**Information supplied**
--- START ---
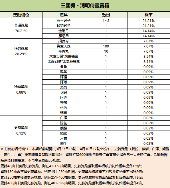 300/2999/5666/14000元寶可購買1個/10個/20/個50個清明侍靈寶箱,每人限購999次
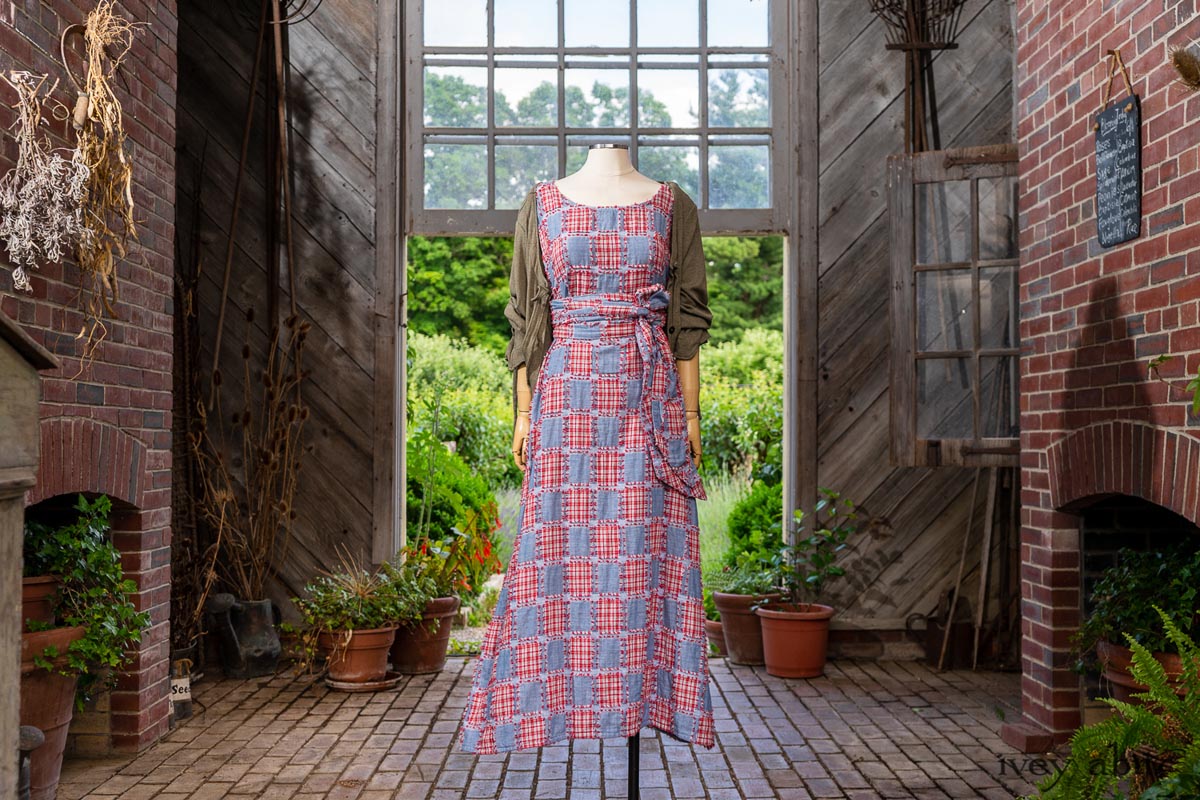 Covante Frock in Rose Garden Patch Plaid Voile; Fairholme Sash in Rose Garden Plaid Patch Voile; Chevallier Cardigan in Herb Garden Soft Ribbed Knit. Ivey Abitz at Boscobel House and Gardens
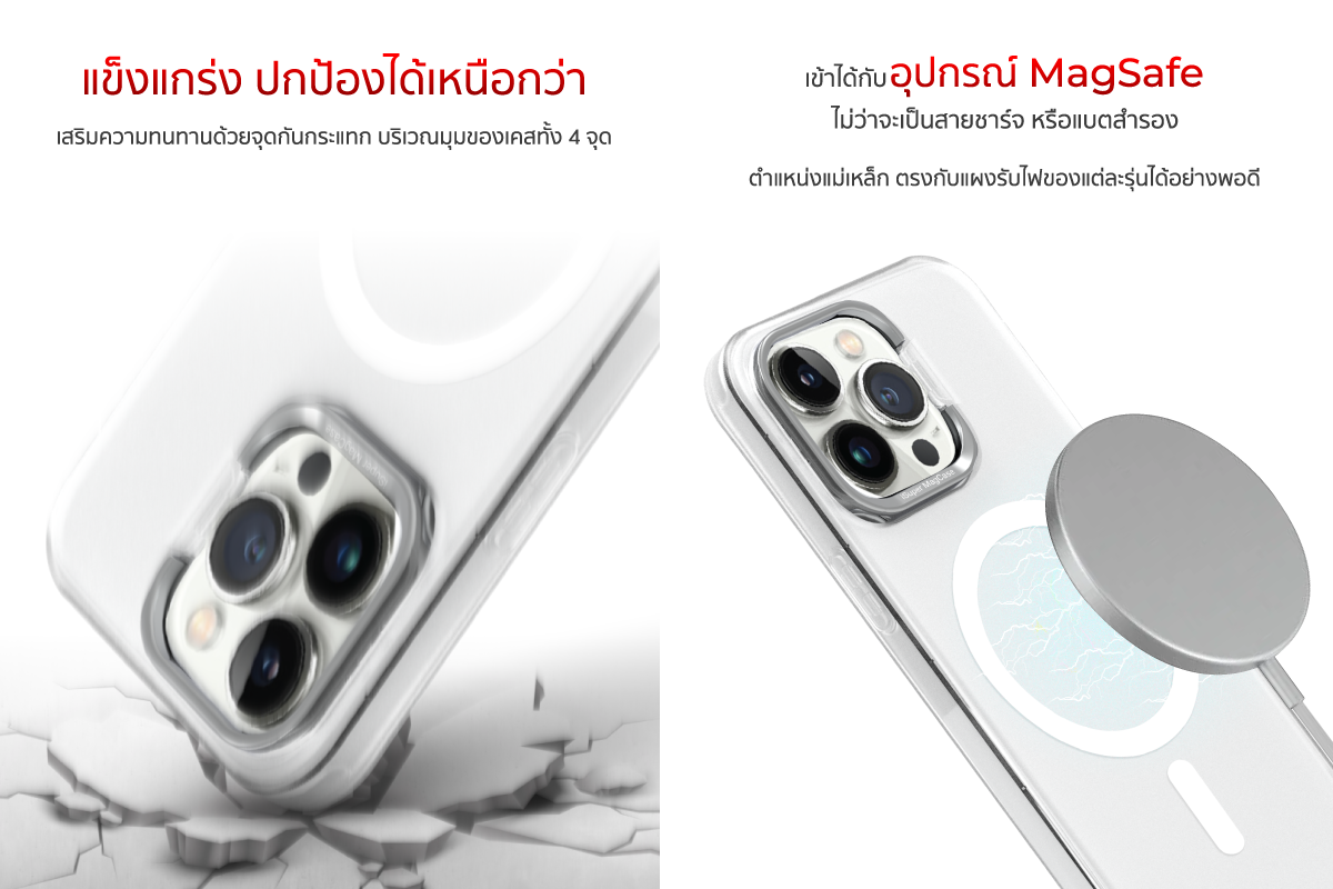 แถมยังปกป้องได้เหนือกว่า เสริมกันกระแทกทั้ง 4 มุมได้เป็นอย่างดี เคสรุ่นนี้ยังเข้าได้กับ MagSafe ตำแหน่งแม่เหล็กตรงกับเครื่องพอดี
--- END ---
--- START ---
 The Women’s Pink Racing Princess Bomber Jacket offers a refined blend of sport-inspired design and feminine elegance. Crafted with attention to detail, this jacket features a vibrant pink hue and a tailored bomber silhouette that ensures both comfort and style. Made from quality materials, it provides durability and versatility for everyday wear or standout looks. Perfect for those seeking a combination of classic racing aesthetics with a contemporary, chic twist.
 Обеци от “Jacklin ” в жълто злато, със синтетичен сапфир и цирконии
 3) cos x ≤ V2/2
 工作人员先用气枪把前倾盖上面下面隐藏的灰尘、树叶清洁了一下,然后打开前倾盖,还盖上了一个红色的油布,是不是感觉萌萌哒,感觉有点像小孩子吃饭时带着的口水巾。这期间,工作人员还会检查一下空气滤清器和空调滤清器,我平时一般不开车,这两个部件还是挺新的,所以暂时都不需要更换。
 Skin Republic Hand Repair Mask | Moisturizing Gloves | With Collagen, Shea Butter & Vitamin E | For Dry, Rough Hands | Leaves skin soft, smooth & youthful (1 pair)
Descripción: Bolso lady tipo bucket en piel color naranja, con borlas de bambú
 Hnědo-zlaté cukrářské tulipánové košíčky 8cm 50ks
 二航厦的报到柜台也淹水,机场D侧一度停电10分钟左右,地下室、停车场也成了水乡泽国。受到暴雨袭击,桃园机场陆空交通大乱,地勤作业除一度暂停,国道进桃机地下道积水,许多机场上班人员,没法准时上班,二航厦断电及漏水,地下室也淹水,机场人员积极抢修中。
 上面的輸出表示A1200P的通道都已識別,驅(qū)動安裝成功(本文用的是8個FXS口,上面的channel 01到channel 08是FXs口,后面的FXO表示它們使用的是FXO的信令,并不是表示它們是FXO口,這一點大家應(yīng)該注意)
--- END ---
--- START ---
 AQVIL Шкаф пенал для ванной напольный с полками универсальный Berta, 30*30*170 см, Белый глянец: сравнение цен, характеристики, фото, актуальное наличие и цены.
--- END ---
**Required work**
Above are some records; quote exactly and only the lines that begin at the line containing "300/2999/5666/" and stop after the line containing "แถมยังปกป้องได้เหนือกว่า เสริมกันกระแทกทั้ง 4", leaving out the pictures.

**Output for this exercise**
 300/2999/5666/14000元寶可購買1個/10個/20/個50個清明侍靈寶箱,每人限購999次
 Covante Frock in Rose Garden Patch Plaid Voile; Fairholme Sash in Rose Garden Plaid Patch Voile; Chevallier Cardigan in Herb Garden Soft Ribbed Knit. Ivey Abitz at Boscobel House and Gardens
 แถมยังปกป้องได้เหนือกว่า เสริมกันกระแทกทั้ง 4 มุมได้เป็นอย่างดี เคสรุ่นนี้ยังเข้าได้กับ MagSafe ตำแหน่งแม่เหล็กตรงกับเครื่องพอดี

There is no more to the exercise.